The probability that I get wet will be the probability that it rains and \(U = 0\). In other words, the probability of \(U = 0\) times \(0.6\):


$$ \begin{aligned} p(\text{wet}) & = 0.09091 \times 0.6 \\ & = 0.05455 \end{aligned} $$

Update:
Let me be a little more explicit, as this is quite useful in interpreting the math. The \(P\) and \(D\) matrices for this case are:


$$ P = \begin{bmatrix} 0.597 & -0.583 & -0.776 & -0.447 & 0.594 \\ 0.480 & 0.148 & 0.511 & -0.447 & 0.183 \\ 0.128 & 0.414 & -0.320 & -0.447 & -0.545 \\ -0.286 & -0.619 & 0.175 & -0.447 & -0.331 \\ -0.561 & 0.290 & -0.056 & -0.447 & 0.455 \end{bmatrix} $$

and

$$ D = \begin{bmatrix} -0.939 & 0.0 & 0.0 & 0.0 & 0.0 \\ 0.0 & -0.497 & 0.0 & 0.0 & 0.0 \\ 0.0 & 0.0 & 0.072 & 0.0 & 0.0 \\ 0.0 & 0.0 & 0.0 & 1.0 & 0.0 \\ 0.0 & 0.0 & 0.0 & 0.0 & 0.765 \end{bmatrix} $$

Raising \(D\) to the \(n^{\text{th}}\) power is the same as raising each eigenvalue to the \(n^{\text{th}}\) power. Since four of the five values are fractions, they quickly become zero. The eigenvalue with value unity remains the same. Then, as \(M\) is taken to the \(n^{\text{th}}\) power, we obtain


$$ \lim_{n\rightarrow\infty}(M^T)^n = \begin{bmatrix} 0.091 & 0.091 & 0.091 & 0.091 & 0.091 \\ 0.227 & 0.227 & 0.227 & 0.227 & 0.227 \\ 0.227 & 0.227 & 0.227 & 0.227 & 0.227 \\ 0.227 & 0.227 & 0.227 & 0.227 & 0.227 \\ 0.227 & 0.227 & 0.227 & 0.227 & 0.227 \end{bmatrix} $$

Notice that this is precisely the steady state vector repeated as columns. This ensures that we will recover the same steady state vector every time, as long as the initial vector sums to 100%.

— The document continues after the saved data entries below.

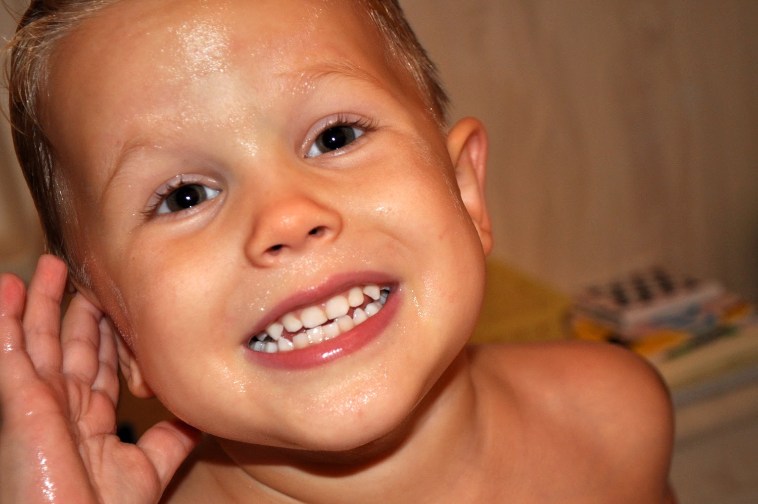 Those are fantastic pictures of their smiling faces. I love the clean, wet faces. = )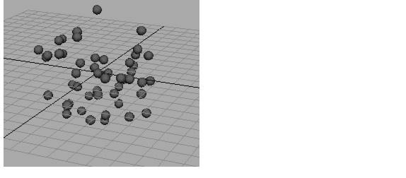 在以下步骤中,您将创建由 100 个随机定位的粒子所构成的粒子对象,且这些粒子显示为非常小的球体。您也会以动态方式对粒子添加属性。若要使用表达式为粒子上色,Maya 会要求您动态地添加相应的属性。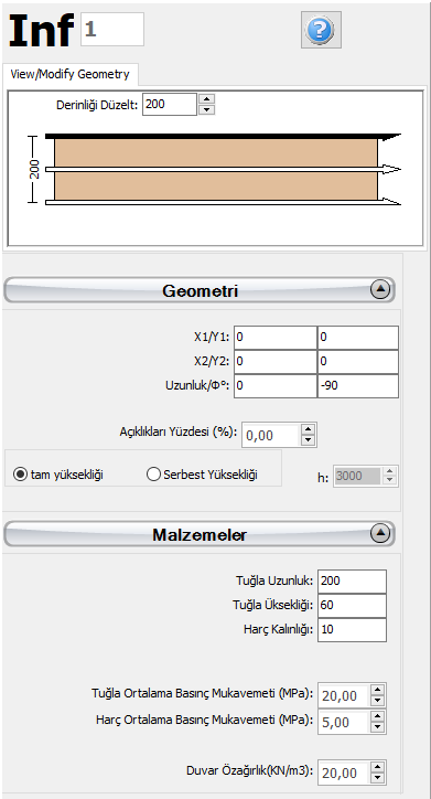 Dolgunun Özellikleri Penceresinde kullanıcılar, Geometriyi Görüntüle/Değiştir penceresinde kesitin boyutlarını uyarlayabilir.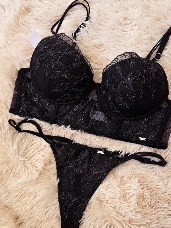 Conjunto de tul bordado. Corpiño bustier taza soft y colaless regulable.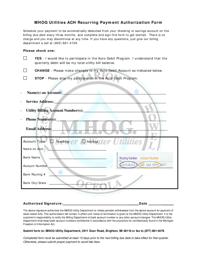 utility bill ach debit authorization form - Village of Lynchburg Ohio from img.yumpu.com For example, if a customer signs up for one month of. Utility billing department or submit via email to email protected you will be contacted by a representative for payment instructions if submitting requests must be done in person. To put a utility bill in your name, call or visit the utility provider and request a bill transfer. If you are having trouble paying your utility bills, here's information you should know. It compiles all of the data into a single place, allowing for easy detection of significant discrepancies. Axis bank's bill pay facility provides archiving facility for the bills you have paid during the last twelve months. Authorized my daughter to used our electric billing statement authorization letter of proof of billing authorization letter sample for use of address the authorization letter which will allow you to use it will comes from the person whose name appears on the billing statement you are going. A meter is being used to determine the cost, as well as the amount of water used.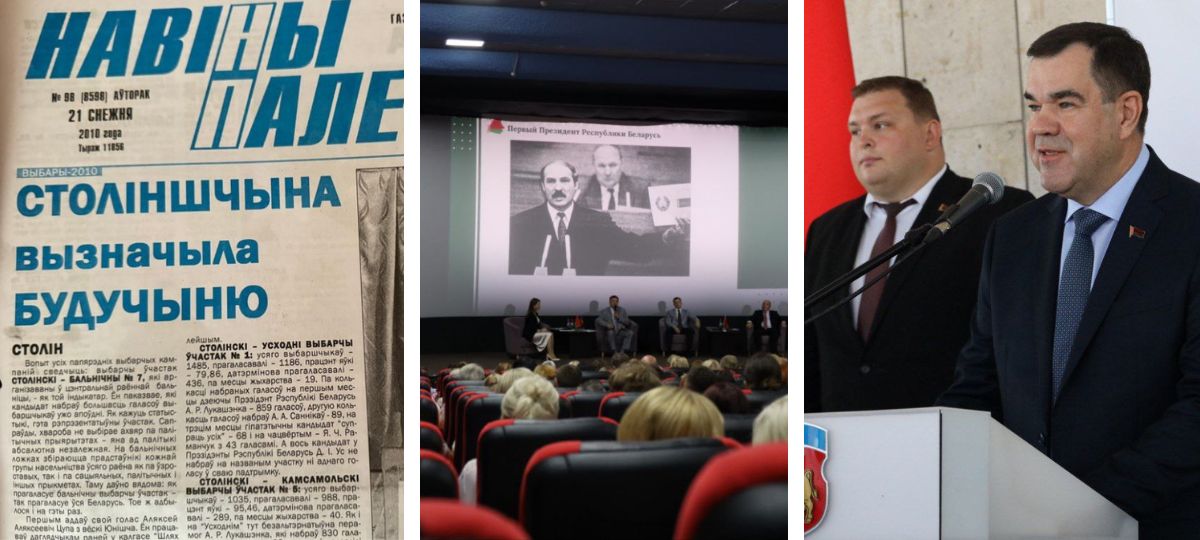 Чего не скажешь о столинских «Навiнах Палесся». Редактор газеты Елена Климушко нашла подшивки за те годы, когда в стране проходили президентские выборы, — начиная с 1994 года. У пропагандистки получилась настоящая хвалебная ода Лукашенко. То она писала, что он «шаг за шагом вытягивал страну из нищеты и разгула бандитизма», то цитировала ветерана ВОВ, который называл Лукашенко «непоседой, который всю страну объездил, везде беседовал с людьми, во все вникал, советовал, требовал, наводил порядок».

However, it has also been pointed out to me that the end can be solved more analytically. So let's take a couple steps back. Rather than multiplying an initial state vector \(n\)-times, all we have to do is multiply the final state vector once. Since it is the final state, it will remain unchanged under the transformation. Specifically:


$$ \begin{aligned} s_{\infty+1} = s_{\infty} & = M^T s_{\infty} \\ 0 & = M^T s_{\infty} - s_{\infty} \\ 0 & = (M^T - I) s_{\infty} \end{aligned} $$

It turns out \((M^T-I)\) only has rank \(4\). Another equation can be added to one of the rows, conditioning that the elements of the state vector sum to \(1\), i.e.,


$$ 1 = \pi_0 + \pi_1 + \pi_2 + \pi_3 + \pi_4 $$

Here, the \(\pi\)'s denote the steady state probabilities of each node. Explicitly, we have:


$$ \begin{bmatrix} 0 \\ 0 \\ 0 \\ 0 \\ 1 \end{bmatrix} = \begin{bmatrix} -1.0 & 0.0 & 0.0 & 0.0 & 0.4 \\ 0.0 & -1.0 & 0.0 & 0.4 & 0.6 \\ 0.0 & 0.0 & -0.6 & 0.6 & 0.0 \\ 0.0 & 0.4 & 0.6 & -1.0 & 0.0 \\ 2.0 & 1.6 & 1.0 & 1.0 & 0.0 \end{bmatrix} \begin{bmatrix} \pi_0 \\ \pi_1 \\ \pi_2 \\ \pi_3 \\ \pi_4 \end{bmatrix} $$

Finally, the modified matrix equation can be solved with matrix multiplication to get:


$$ s_{\infty} = \begin{bmatrix} \pi_0 \\ \pi_1 \\ \pi_2 \\ \pi_3 \\ \pi_4 \end{bmatrix} = \begin{bmatrix} 0.09091 \\ 0.22727 \\ 0.22727 \\ 0.22727 \\ 0.22727 \end{bmatrix} $$.